Маленький мой кораблик приготовился к походу; с неусыпным рвением наблюдал я за его вооружением и нагрузкою.

 1821 г. 1 мая, поутру я с семейством перебрался на корабль; в 11 ч. отслужили на нем молебен о благополучном путешествии, после чего М.И.Муравьев (присланный мне на смену, главный правитель всех колоний)  и все чиновники приглашены были на завтрак.

 2 мая сделалась пасмурная погода с дождем, при тихом ветре от SW. Поутру остальные люди перебрались на судно; нагрузили дрова и вынули один якорь; в 11 часов мы съехали на берег, отслужили в церкви молебен; я простился со всею командою крепости и порта, которая для этого выстроилась во фронт. Не могу умолчать, что многие их служителей и чиновников плакали, разставаясь со мною; подобная сцена растрогала меня самого до слез. Благодарю Бога, я был счастлив тем, что почти все меня любили.  Попрощавшись с командою, я зашел ко всем чиновникам проститься, обедал у М.И. и после обеда возвратился на корабль. В 4 часа пополудни мы снялись с якоря при самом тихом ветре от NW и перешли на восточный рейд под парусами. В этот же день привезена с берега остальная вода и запасной рангоут. Поставили барказ на ростры и все уложили и увязали. Палуба была вся завалена разным служительским экипажем, канатами, запасными парусами, бочками в водою и частью компанейским грузом, который не могли поместить в трюм. Во всю ночь был штиль (совершенная тишина).

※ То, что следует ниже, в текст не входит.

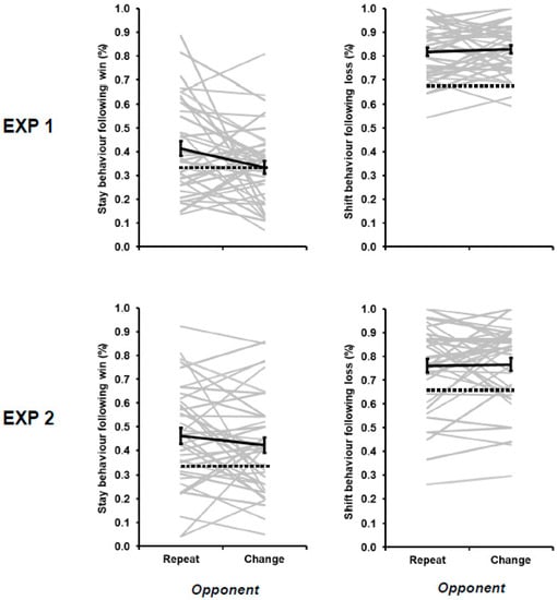 Individual (grey) and group (black) data for win–stay and lose–shift proportions across opponent repeat and opponent change trial pairs in Experiments 1 and 2. Error bars represent standard error. Dotted line represents proportion of win–stay (0.333) and lose–shift (0.666) behavior expected from unpredictable performance.

3 мая в 11 часов приехал Мат. Ив. С чиновниками, привез все бумаги и на дорогу хлеб-соль: 2  курицы (Надо знать, что курица стоила 5 руб. и 10 яиц тоже до 5 руб.; а иногда их ни за что нельзя достать. Видно – это значительныя вещи, что главный правитель и мне, бывшему главному правителю, привез их в подарок.) и ½ боченка картофеля. Просидевши до 12 часов, мы распростились окончательно, и мои гости отправились на берег. Дай Бог всякому так дружелюбно разставаться со всеми, как мы тогда разстались.

Когда отвалила шлюпка с главным правителем (М.И.Муравьевым), мы прокричали три раза: ура! Нам отвечали тем же три раза, и еще троекратное ура с нашей стороны и затем салют семью выстрелами был им ответом.

Дождь шел до вечера; в 6 часов начал дуть ветерок от NW; мы выпалили две пушки и стали сниматься с якоря. С берега тотчас приехал лоцман и два барказа для буксира, также помощник главнаго правителя Хлебников и командир шхуны «Чириков» - Бенжемен. Но мы не успели еще сняться, как ветер подул SW, а потому опять закрепили паруса. 4 мая утром хорошая погода и штиль. К нам приезжало множество колош, привозили зелень и рыбу, морельки, байдарки и проч. Два тоёна просились в каюту, но я отказал. За столом у нас был хороший суп из мамаев (особый род ракушек, довольно больших)  с зеленью.

В восемь часов тихий ветерок, подувший от NO, заставил нас сняться с якоря, выпалить пушку для барказа и лоцмана. В 9 часов мы уже были под всеми парусами и буксировались. К нам приехали г.г. Хлебников и Грибанов для провода. Благополучно выбравшись из островов на бухту, мы приближались к Кулачкову острову. Ходу было до 2 узлов; ночь ясная и лунная. В половине 11 часа ночи простились м г.г. Хлебниковым и Грибановым и отпустили байдару. Бот «Баранов» снялся получасом после нас, он шел также буксиром и под парусами и догнал нас в 11 часов. В это время отпустили лоцмана, а в 12 часов прошли на траверзе о. Кулачкова, ветер NO, ходу до 3 узлов, мы взяли курс SW Б.S. Итак, прощай, Ситха, увижу ли я тебя когда-нибудь? Нет, я не имел намерения возвратиться сюда: ничто ни привлекало меня сюда, но при всем том какая-то грусть  лежала на сердце. С сожалением оставлял я ту страну, где приобрёл себе любезную подругу жизни; ту страну, которою я с честью и, могу сказать, с похвалою управлял 4 года. В этой стране Господь благословил меня семейством и благодарение Господу, честными трудами я нажил себе маленькое состояние, получая жалованья 30 т. Асс. Я мог половину оставлять в экономии. В 30 лет и в чине лейтенанта я занимал такое высокое место, без всяких протекций. Дай Бог, чтобы мои дети были так счастливы, как я, бывши в Америке.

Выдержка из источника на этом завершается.